Девушка взяла у матери кринку и кружку, аккуратно налила молока, протянула тонкой белой рукой. Пить хотелось очень, я пил взахлеб, стыдясь перед женщинами своей жажды.
— Нет, не похож, — еще раз с печалью сказала Милитриса Кирбитьевна и скрылась в избе, вернув матери кринку.
— Ждет! — кивнула женщина ей вслед и вздохнула.
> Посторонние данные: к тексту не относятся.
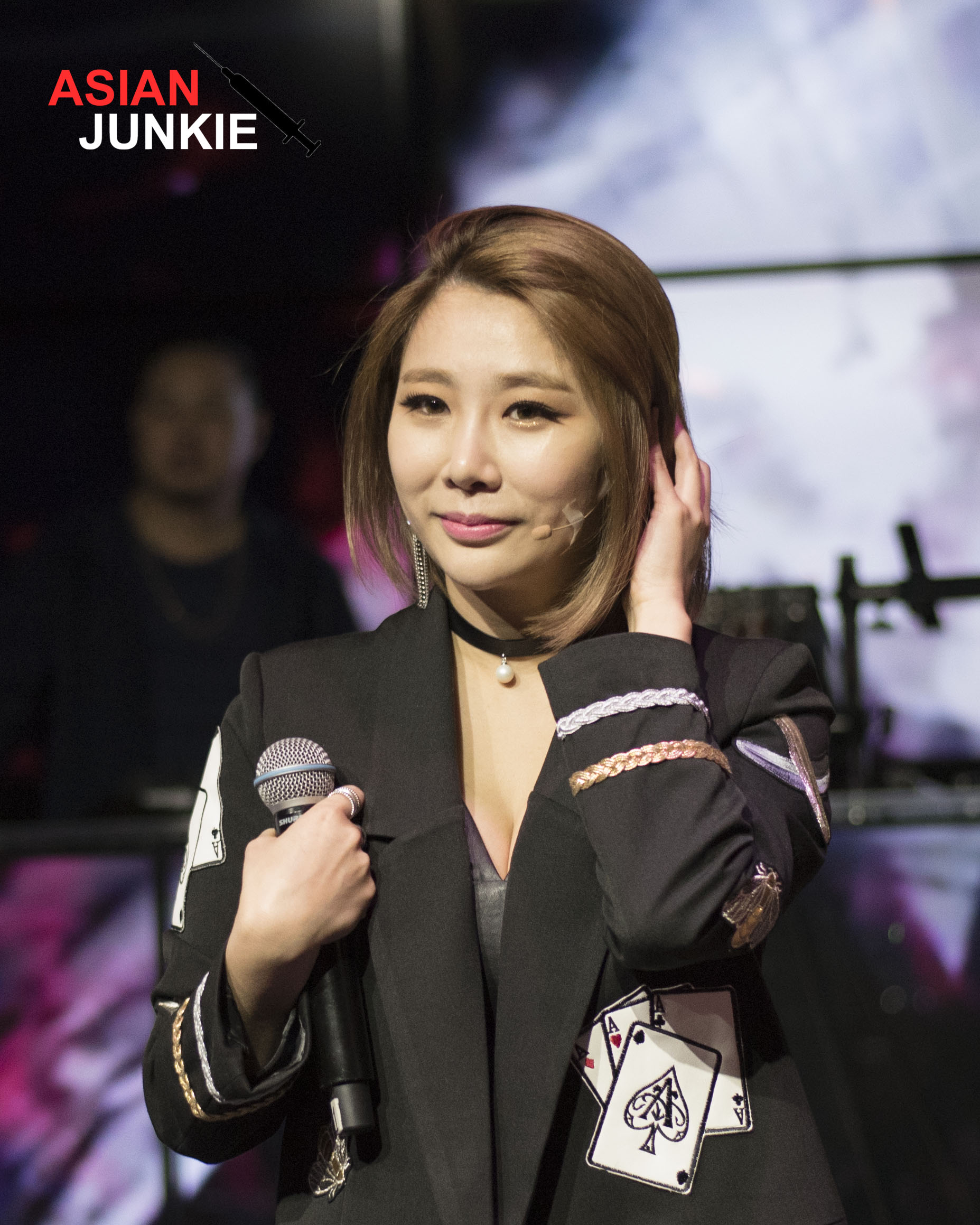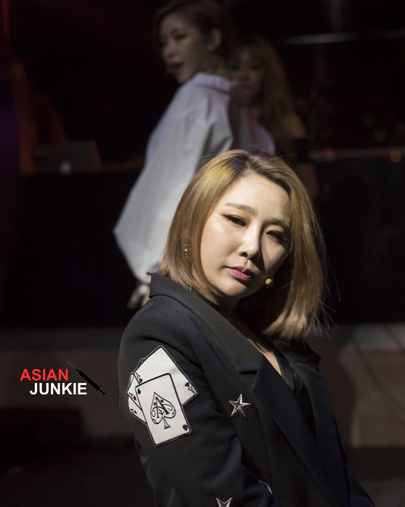 Suddenly the fancy new stage lighting was dimmed to the point of pitch black, and the crowd fell so silent I could hear the fanboy behind me panting. Then Ga-In, Miryo, JeA, and Narsha took the stage, and with dancers! The stage was still small despite Feria’s best efforts, so I was quite surprised they didn’t run each other over during the choreography. But these veterans knocked it out of the park with an array of songs, including “Sign“, “Kill Bill“, “Brave New World“, and “Abracadabra“.

Она налила еще, я выпил, совсем уж по-будничному полез в карман за деньгами, женщина отмахнулась от денег, пожелала счастливого пути, подмигнула еще раз на прощанье, укоризненно качнув головой в сторону скрывшейся дочери, я поблагодарил, сел на велосипед и поехал.
СНИЛИСЬ ЛИ ВАМ ПОЛЕТЫ?
Недаром перед Трубецким было больше спусков, чем подъемов, — лишь только я выбрался из древней, непонятно откуда взявшейся в этой затерянной деревеньке липовой аллеи, начался длиннейший тягун, под безобразно ярким полуденным солнцем, без тени, среди ржаных и пшеничных полей. Я просто в полном смысле слова обливался потом — он брался откуда-то сверху: со лба, с висков, из-под волос, скапливался у ключиц и струями стекал вниз, под ремень. Даже брови напитались, как трава после дождя, и стоило провести рукой по лицу, как новые капли, выжатые из бровей, устремлялись вниз и предательски разъедали глаза. А ноги бунтовали и отказывались работать. Подъем тянулся не на один километр — свободно и раздольно вымахивал на увал, — но дорого же мне далась эта наша русская широта и раздельность. Я из последних сил налегал на педали, чуть не касаясь носом руля, и вожделенно вглядывался в счетчик у переднего колеса — в конечном счете ведь именно от этих маленьких цифр, отсчитывающих километры, зависело мое избавление. Но цифры менялись медленно, очень медленно — я уже не на километровые смотрел, а на стометровые, сцепив зубы, и с трудом удерживался от нелепейшего желания: остановиться, слезть и просто так покрутить переднее колесо, чтобы заставить быстрей работать счетчик.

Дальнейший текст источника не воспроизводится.